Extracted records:
--------------------------------

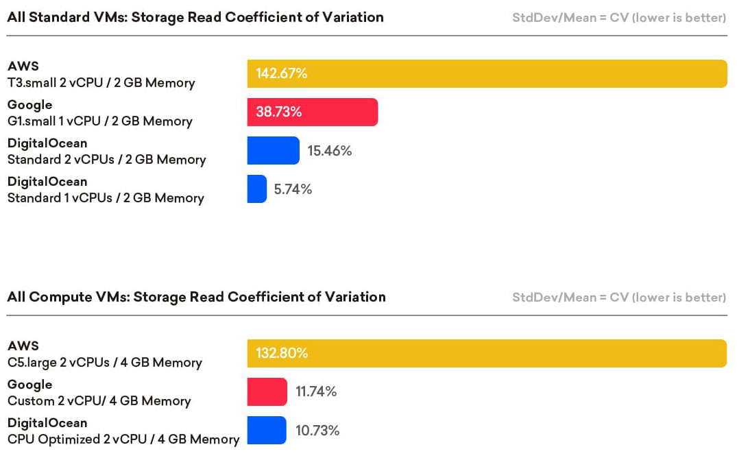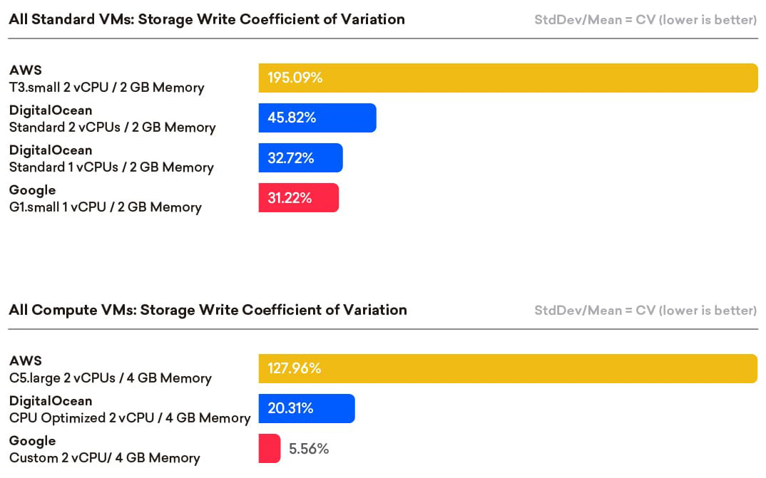 • AWS, utilizing EBS volumes with burst, show high variability with CVs exceeding 130%, while GCE and DigitalOcean showed similar variation.
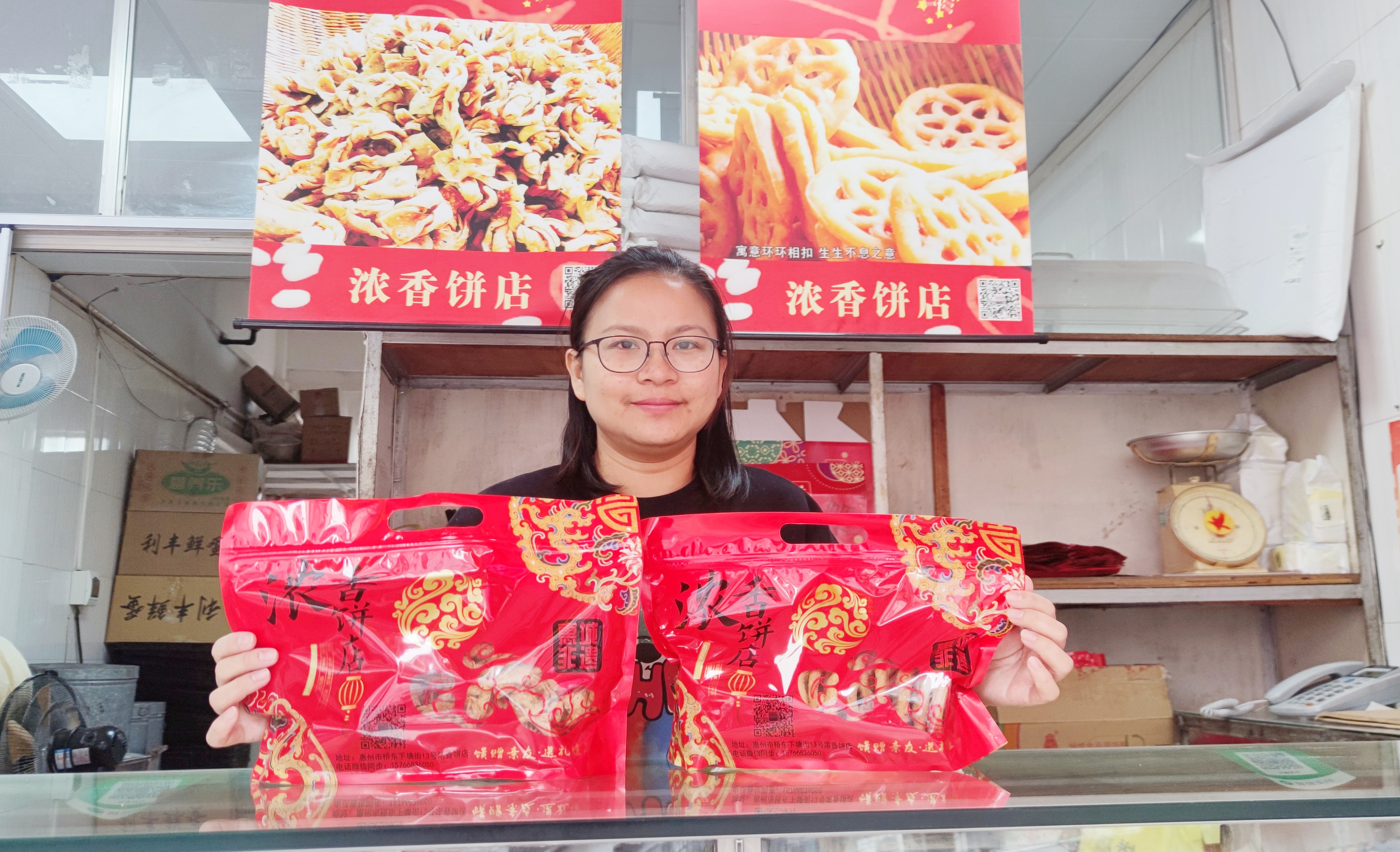 記者注意到,新搬遷的“濃香餅屋”門店裝飾一新,面積比原來(lái)老的門店增加了兩倍。鄧慧玲告訴記者,近年來(lái),前來(lái)采購(gòu)小吃的市民越來(lái)越多,原本的門店早已不能滿足生產(chǎn)需求。去年國(guó)慶,她另尋新址,將門店搬到了市區(qū)河南岸,采購(gòu)了2臺(tái)新的高效率壓面機(jī),一改原來(lái)透明塑料袋的包裝,設(shè)計(jì)有傳統(tǒng)文化元素的包裝,推出非遺禮盒套裝,另外還將產(chǎn)品放在惠州非遺館、部分民宿、酒店進(jìn)行展示。
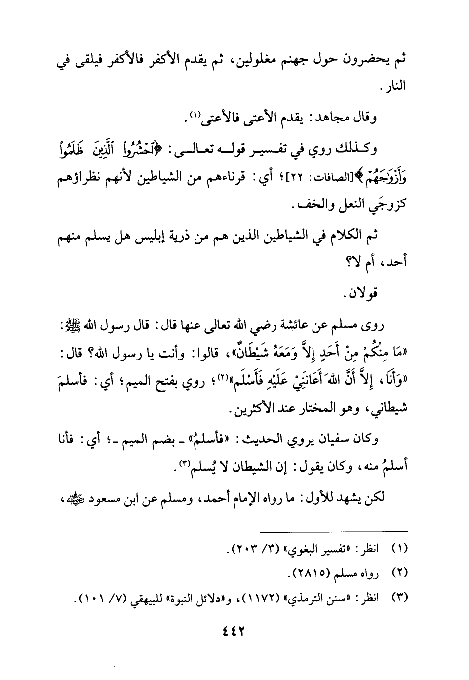 روى مسلم عن عائشة رضي الله تعالى عنها قال: قال رسول الله - صلى الله عليه وسلم -: "مَا مِنْكُمْ مِنْ أَحَدٍ إِلاَّ وَمَعَهُ شَيْطَانٌ"، قالوا: وأنت يا رسول الله؟ قال: "وَأَنَا، إِلاَّ أَنَّ اللهَ أَعَاننَيْ عَلَيْهِ فَأَسْلَم" (¬2)؛ روي بفتح الميم؛ أي: فأسلمَ شيطاني، وهو المختار عند الأكثرين.
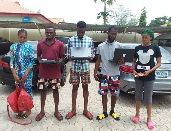They have been identified as Ibrahim Idris, Sadiq Idris, Martins Abeku, Blessing Nicolas and Esther Micheal. They were accused of creating fake FaceBook pages, and also using display pictures and names belonging to mostly foreigners to deceive unsuspecting victims mostly females of white nationality.
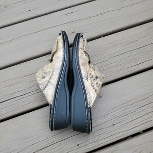 Finn Comfort Jamaika Snakeskin Print Embossed Leather 2 Strap Wedge Slide Sandal
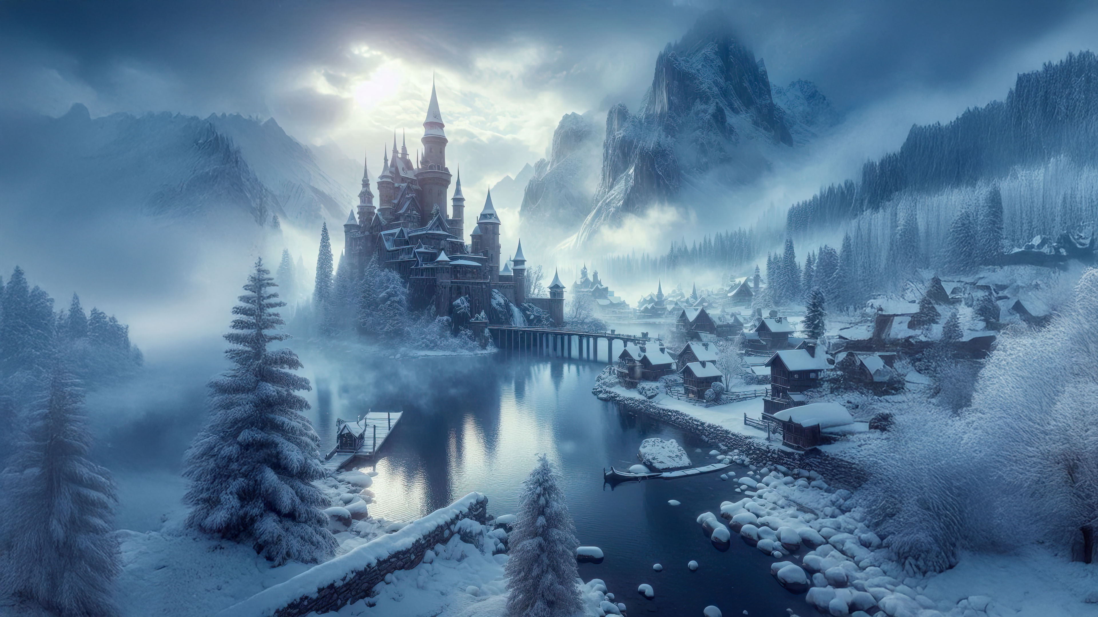 Journey into a magical winter setting, where a majestic castle stands amidst snowy mountains and a tranquil village. The misty atmosphere and serene reflections add to the mystical charm of the scene.

--------------------------------

= Work required =
Omit the pictures and please write out exactly the lines between the one containing "Finn Comfort Jamaika" and the last line of the entries, both included.

= Task solution =
 Finn Comfort Jamaika Snakeskin Print Embossed Leather 2 Strap Wedge Slide Sandal
 Journey into a magical winter setting, where a majestic castle stands amidst snowy mountains and a tranquil village. The misty atmosphere and serene reflections add to the mystical charm of the scene.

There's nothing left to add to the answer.